Russia has been accused of detaining Americans to use as bargaining chips to exchange for Russians jailed in the United States. Wall Street Journal reporter Evan Gershkovich was arrested for alleged spying — a charge he and the newspaper vehemently deny — in March.
WATCH: The husband of the RFE/RL journalist Alsu Kurmasheva, who was detained in Russia on October 18, has said she is a “political prisoner.”
Since 2012, Russia has used its so-called foreign agent laws to label and punish critics of government policies. It has also been increasingly used to shut down civil society and media groups in Russia since the Kremlin launched its full-scale invasion of Ukraine.
Amnesty International, the UN Human Rights Office, the Committee to Protect Journalists, and the chairman of the U.S. House of Representative’s Foreign Affairs Committee have called for the immediate release of Kurmasheva.
The “foreign agent” law allows authorities to label nonprofit organizations as “foreign agents” if they receive funding from abroad and are engaged in political activities.
RFE/RL says the law amounts to political censorship meant to prevent journalists from performing their professional duties and is challenging the authorities’ moves in Russian courts and at the European Court of Human Rights.
More than 30 RFE/RL employees have been listed as “foreign agents” by the Russian Justice Ministry in their personal capacity.
In March, a Moscow court declared the bankruptcy of RFE/RL’s operations in Russia following the company’s refusal to pay multiple fines totaling more than 1 billion rubles ($14 million) for noncompliance with the law.
Memorial, founded in 1987 to remember victims of Soviet repression, was closed down by Russia’s Supreme Court in November 2021 — citing the “foreign agents” law — although it still functions outside the country and has managed to continue some activities inside Russia.
Kurmasheva is one of four RFE/RL journalists — Andrey Kuznechyk, Ihar Losik, and Vladyslav Yesypenko are the other three — currently imprisoned on charges related to their work. Rights groups and RFE/RL have called repeatedly for the release of all four, saying they have been wrongly detained.

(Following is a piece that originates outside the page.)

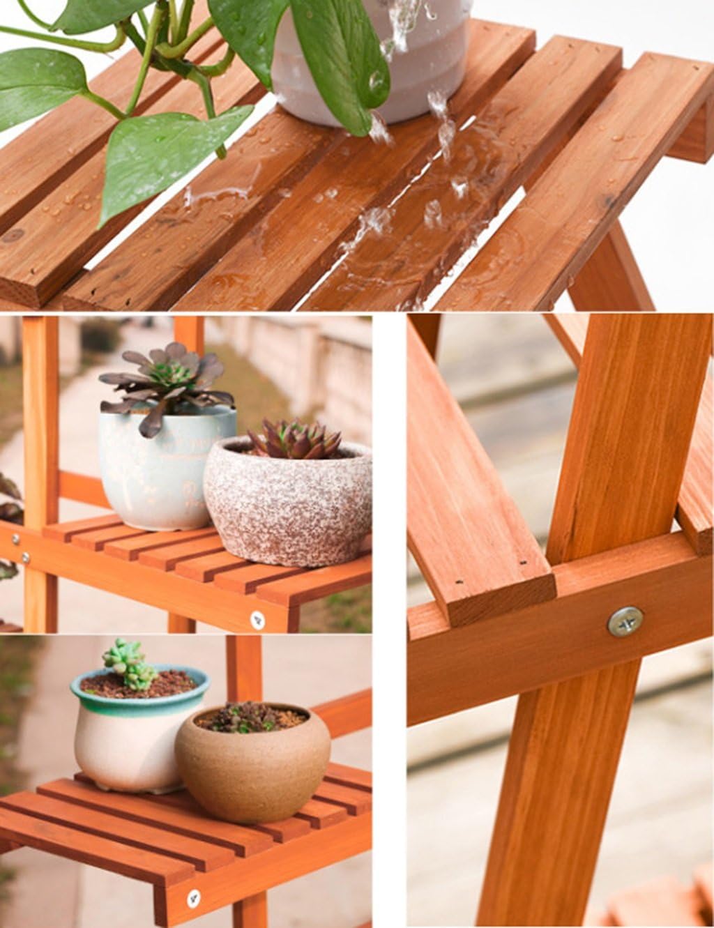 EXQUISITE CRAFT ★ QUALITY ASSURANCE ★ CHOICE MATERIAL ★ QUALITY SERVICE Our flower rack is made of metal and fits on the balcony, the terrace or in the garden. The multiple steps are mounted at different heights and provide ample space for your flowerpots, creating a beautiful, spatial appearance. Our plant stairs have a particularly high load capacity, which means that even heavier pots find their place on it.Product DescriptionThese lovely flower stairs provide endless space for you to display your favourite plants. Present your colourful buds, herbs, flower pots and vases with a personalised plant corner. The 5 shelves provide ample space for orchids, gerberas, ferns, etc.The plant stand is made entirely out of wood. It is suitable for indoor use, in the living room, hallway or conservatory, for example. The flower rack looks especially charming against a wall.Wooden Flower Ladder for Indoor and Outdoor Use Total size: Small : LxDxH: approx 74 x 26 x 144 cm Capacity per tier: approx 15 kg Weight: approx 4kgFlower Rack for your Greens For flower pots, vases and small flower boxes Present your colourful blossoms such as gerbera, carnations, iris, tulips, orchids, freesias, daffodils, violets, etc. Also suitable for green plants, vines, ferns, small bushes or bonsai trees Display your small herb garden including garlic, basil, dill, chamomile and mint Quick and easy assemblySpacious Flower Stand 5 shelves provide ample space for plants and decor Solid wood emits a natural charm Rustic flair especially matches environments in the cottage-style Multi-tiers etagere made of pine wood for indoor and outdoor use Free-standing flower display for the living room, hallway ,balcony,or conservatory.Included in Delivery Flower stairs Assembly materials and inst

Losik is a blogger and contributor for RFE/RL’s Belarus Service who was convicted in December 2021 on several charges including the “organization and preparation of actions that grossly violate public order” and sentenced to 15 years in prison.
Kuznechyk, a web editor for RFE/RL’s Belarus Service, was sentenced in June 2022 to six years in prison following a trial that lasted no more than a few hours. He was convicted of “creating or participating in an extremist organization.”
Yesypenko, a dual Ukrainian-Russian citizen who contributed to Crimea.Realities, a regional news outlet of RFE/RL’s Ukrainian Service, was sentenced in February 2022 to six years in prison by a Russian judge in occupied Crimea after a closed-door trial. He was convicted of “possession and transport of explosives,” a charge he steadfastly denies.